The anti-adhesion membrane marketed as Seprafilm is hyaluronic acid based and made by Genzyme Corporation. It is bioresorbable and is resorbed after about a week or so.
I was exposed to this film as the multicenter trial that was recently published in J Am Coll Surg was underway when I was doing fellowship in the US. As correctly mentioned by Moshe, the film was placed under the midline incision after restorative proctocolectomy. At time of closure of the protective ileostomy, a laparoscopic assessment of the midline wound was assessed by an observer who was not privy to whether or not the film was used. The trial was prospective, randomised and blinded. The results that were obtained were as published with adhesions to the midline wound as the main criteria. Long term data with regards to bowel obstruction is not known.
This study did not address interloop adhesions, which understandably are very important. Previous studies have established that post surgical adhesions can even cause bowel obstruction many years after the initial surgery.
As was mentioned, it would cost quite a bit to wrap each loop of bowel with the film, and for those who have tried to use it, will know that it gets rather sticky after it contacts with bowel. I know that it is being used on a compassionate protocol basis for patients who are being operated on for complications of adhesions and the trial is underway.
I suppose that the ideal anti-adhesion product would be one that the surgeon would be able to slosh around the abdomen to overcome the application difficulty. I know that Genzyme is working on a gel (trials are being started) that would be easier to apply and possibly address interloop adhesions, we await data.
With regards to anastomotic leaks, preclinical studies did not show any difference and neither did the clinical study, although, as Moshe pointed out, it would be difficult to convince anyone to wrap the film around any anastomoses in the clinical setting.
There have been no trials to address the issue of its use in malignancy but theoretically, there do not seem to be any contraindications (I think).

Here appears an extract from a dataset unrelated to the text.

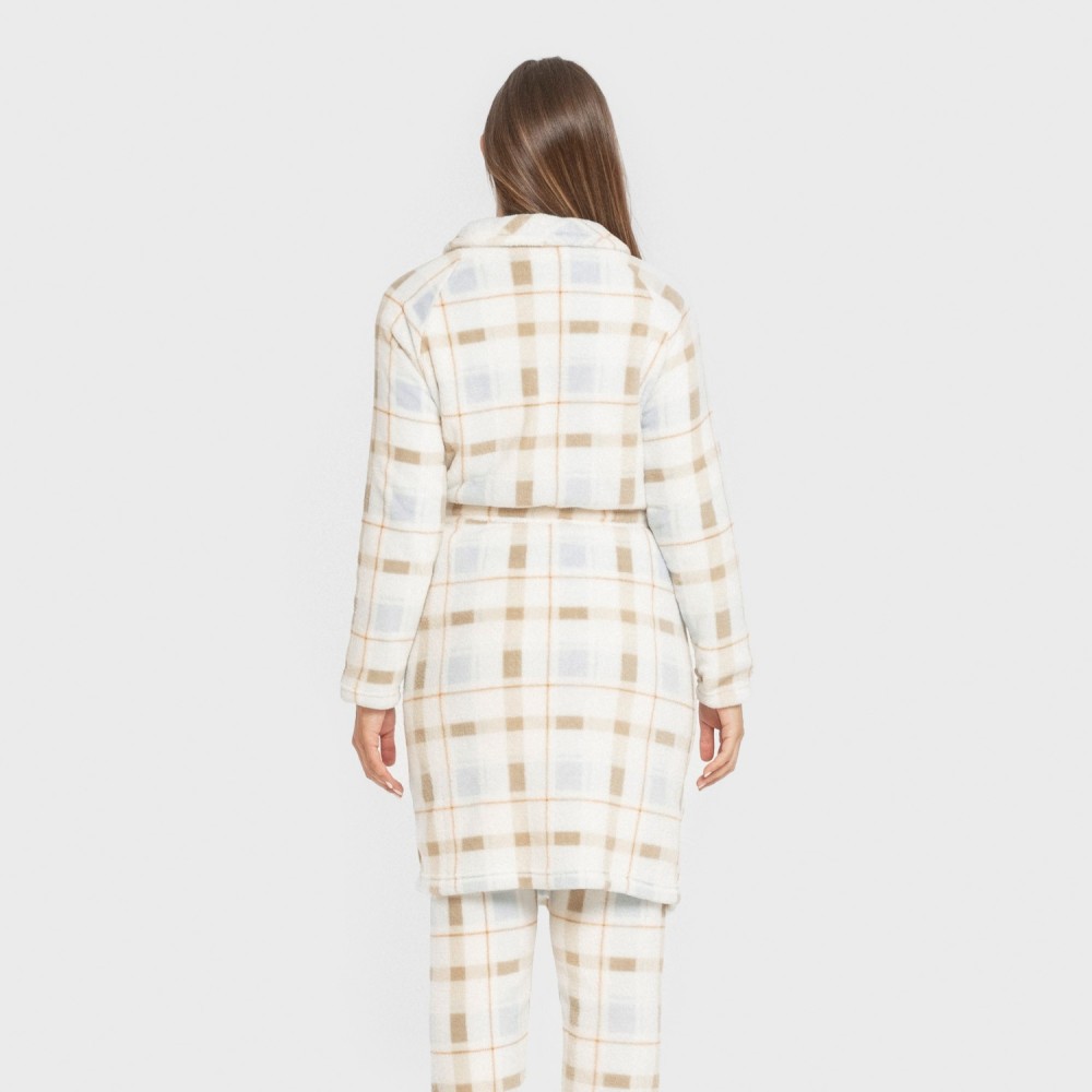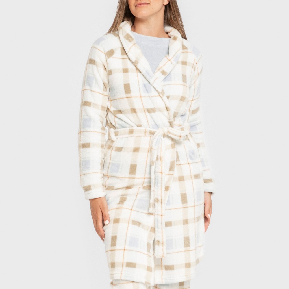 Vestaglia bianca con stampa a quadri azzurri e sabbia, realizzata in morbidissimo tessuto di coralina e regolabile con cintura.

Surgeons suggested using this to “close” the pelvic floor to prevent small bowel loops being trapped in the pelvis. I’m afraid you will be disappointed as there is no innate strength in the film and it will completely resorb in about a week. I think that Goretex is marketing a sheet that is adhesion proof and might do the job, but this is non-resorbable.
Dr very correctly mentioned that “scrupulous surgical technique” minimises adhesions and this is very important. However, it is not the only factor involved and some patients develop more adhesions than others no matter what the technique. The trial with the Hartmann’s procedure may not yield consistent results as the indications for Hartmann’s are usually in emergency situations where there is usually infection, spillage eg perforated diverts, trauma with gross soilage etc. I am sure that both scrupulous surgical technique and whatever anti-adhesion product that is used will be put to a great test!
All panaceas in the past turned out to be of little universal value, and were only effective in the hands of the ones that published them, if you feel what I mean.
While, this impression always lingers in one’s mind especially if results are “too good or bad to be true”, it would be difficult to suggest that a randomised, multi-center trial involving some of the more prestigious institutions in the world, would have 10 collaborators having consistently inaccurate results.
We still wait for the perfect anti-adhesion product. One that is easy to apply, addresses adhesions to the wound, inter-loop adhesions, spares anastomoses, healing and “good” adhesions, yet inexpensive. This must be any surgeon’s prayer, especially when one is lysing adhesions in the wee hours of the morning!